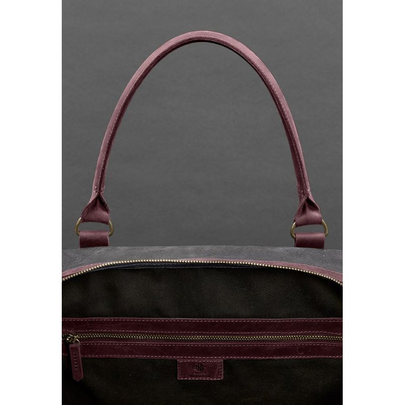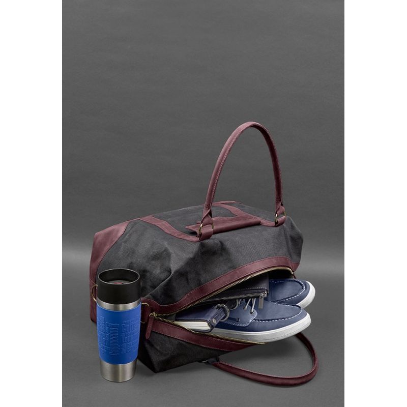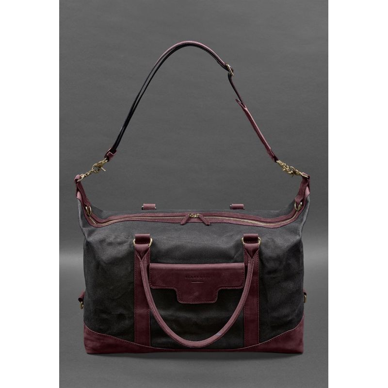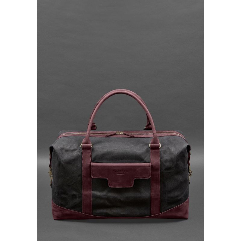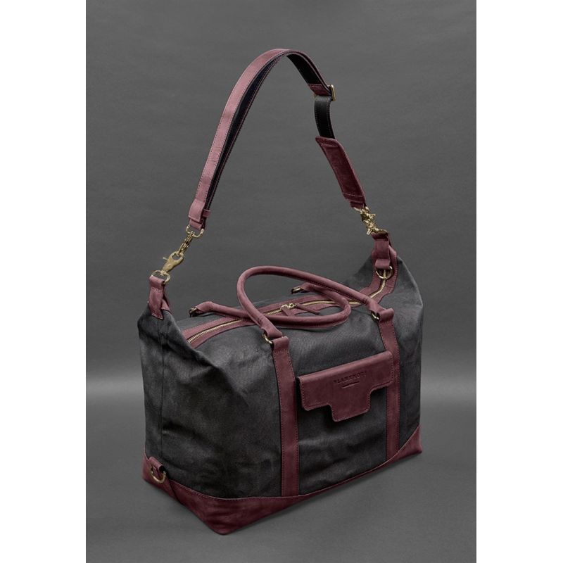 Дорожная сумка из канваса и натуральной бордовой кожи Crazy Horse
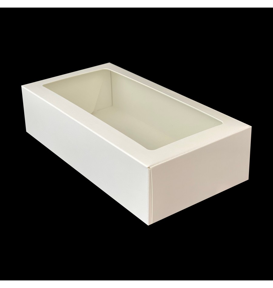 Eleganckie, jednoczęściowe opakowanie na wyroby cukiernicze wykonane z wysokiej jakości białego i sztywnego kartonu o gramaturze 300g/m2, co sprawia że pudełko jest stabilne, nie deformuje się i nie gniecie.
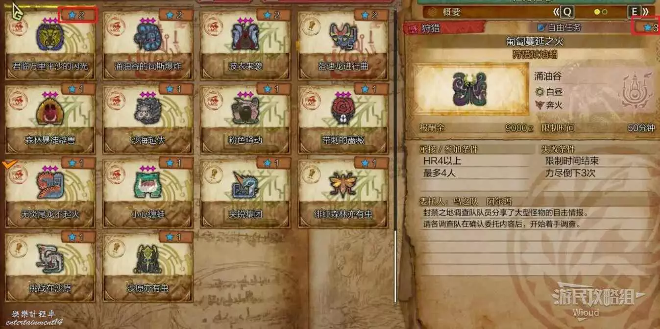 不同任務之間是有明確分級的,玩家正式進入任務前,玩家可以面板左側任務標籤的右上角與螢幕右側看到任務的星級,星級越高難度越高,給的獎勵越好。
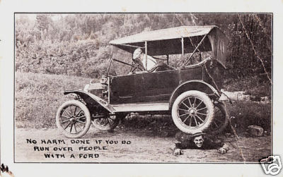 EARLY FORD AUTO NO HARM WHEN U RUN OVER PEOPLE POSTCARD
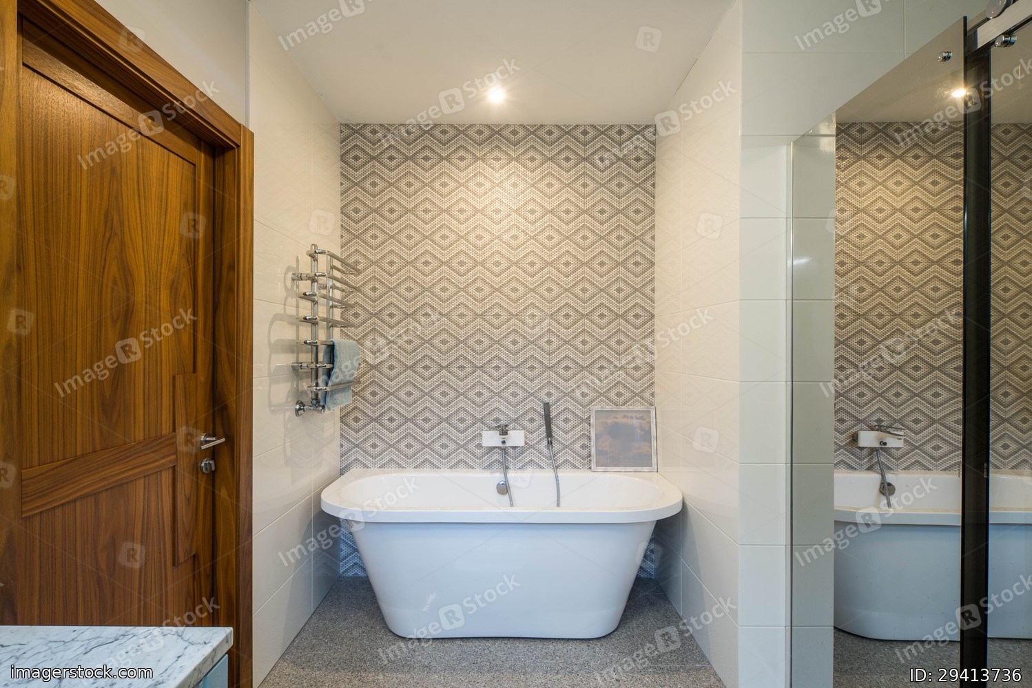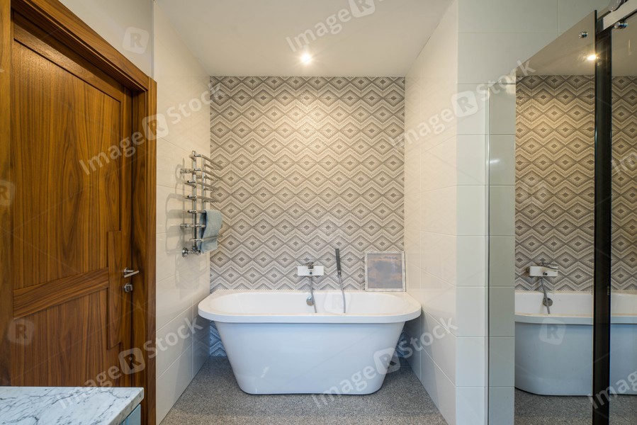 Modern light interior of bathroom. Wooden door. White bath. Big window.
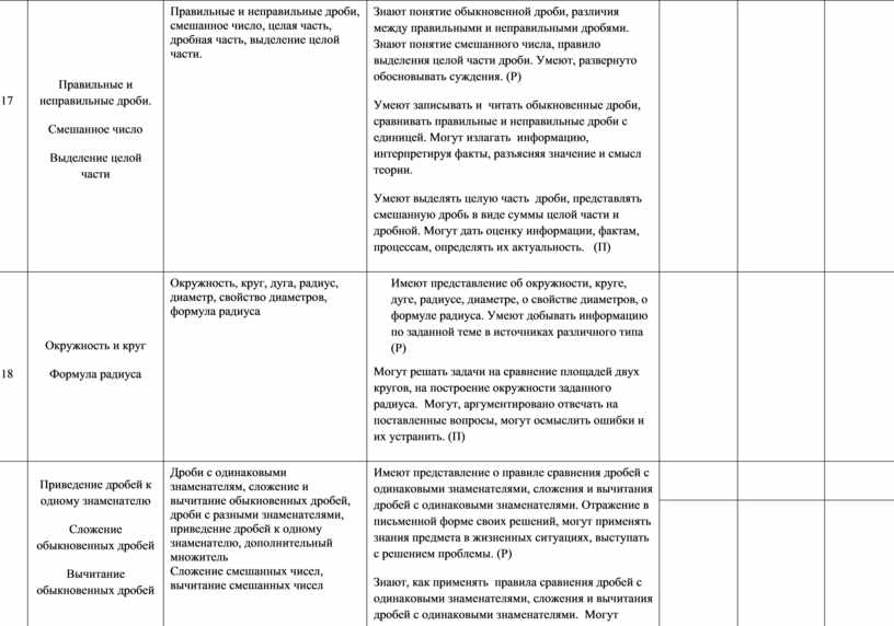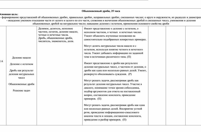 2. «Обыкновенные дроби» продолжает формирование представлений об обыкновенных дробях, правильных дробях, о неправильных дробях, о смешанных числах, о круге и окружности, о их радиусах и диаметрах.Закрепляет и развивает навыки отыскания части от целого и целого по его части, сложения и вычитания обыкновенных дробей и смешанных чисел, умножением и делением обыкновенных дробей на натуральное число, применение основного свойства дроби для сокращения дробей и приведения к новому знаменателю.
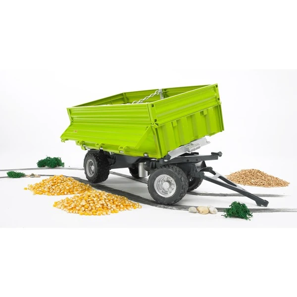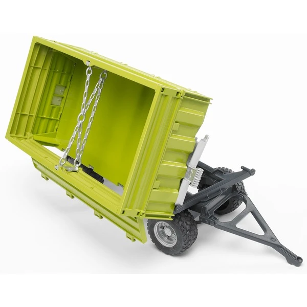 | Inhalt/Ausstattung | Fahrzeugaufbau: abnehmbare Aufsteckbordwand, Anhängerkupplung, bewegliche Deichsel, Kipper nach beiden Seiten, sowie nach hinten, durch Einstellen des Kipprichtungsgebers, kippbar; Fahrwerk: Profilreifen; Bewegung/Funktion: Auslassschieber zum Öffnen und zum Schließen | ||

▬▬▬

§ Work instruction: The preceding entries should be duplicated word for word; no picture belongs in the copy.

§ Answer to this task:
 Дорожная сумка из канваса и натуральной бордовой кожи Crazy Horse
 Eleganckie, jednoczęściowe opakowanie na wyroby cukiernicze wykonane z wysokiej jakości białego i sztywnego kartonu o gramaturze 300g/m2, co sprawia że pudełko jest stabilne, nie deformuje się i nie gniecie.
 不同任務之間是有明確分級的,玩家正式進入任務前,玩家可以面板左側任務標籤的右上角與螢幕右側看到任務的星級,星級越高難度越高,給的獎勵越好。
 EARLY FORD AUTO NO HARM WHEN U RUN OVER PEOPLE POSTCARD
 Modern light interior of bathroom. Wooden door. White bath. Big window.
 2. «Обыкновенные дроби» продолжает формирование представлений об обыкновенных дробях, правильных дробях, о неправильных дробях, о смешанных числах, о круге и окружности, о их радиусах и диаметрах.Закрепляет и развивает навыки отыскания части от целого и целого по его части, сложения и вычитания обыкновенных дробей и смешанных чисел, умножением и делением обыкновенных дробей на натуральное число, применение основного свойства дроби для сокращения дробей и приведения к новому знаменателю.
 | Inhalt/Ausstattung | Fahrzeugaufbau: abnehmbare Aufsteckbordwand, Anhängerkupplung, bewegliche Deichsel, Kipper nach beiden Seiten, sowie nach hinten, durch Einstellen des Kipprichtungsgebers, kippbar; Fahrwerk: Profilreifen; Bewegung/Funktion: Auslassschieber zum Öffnen und zum Schließen | ||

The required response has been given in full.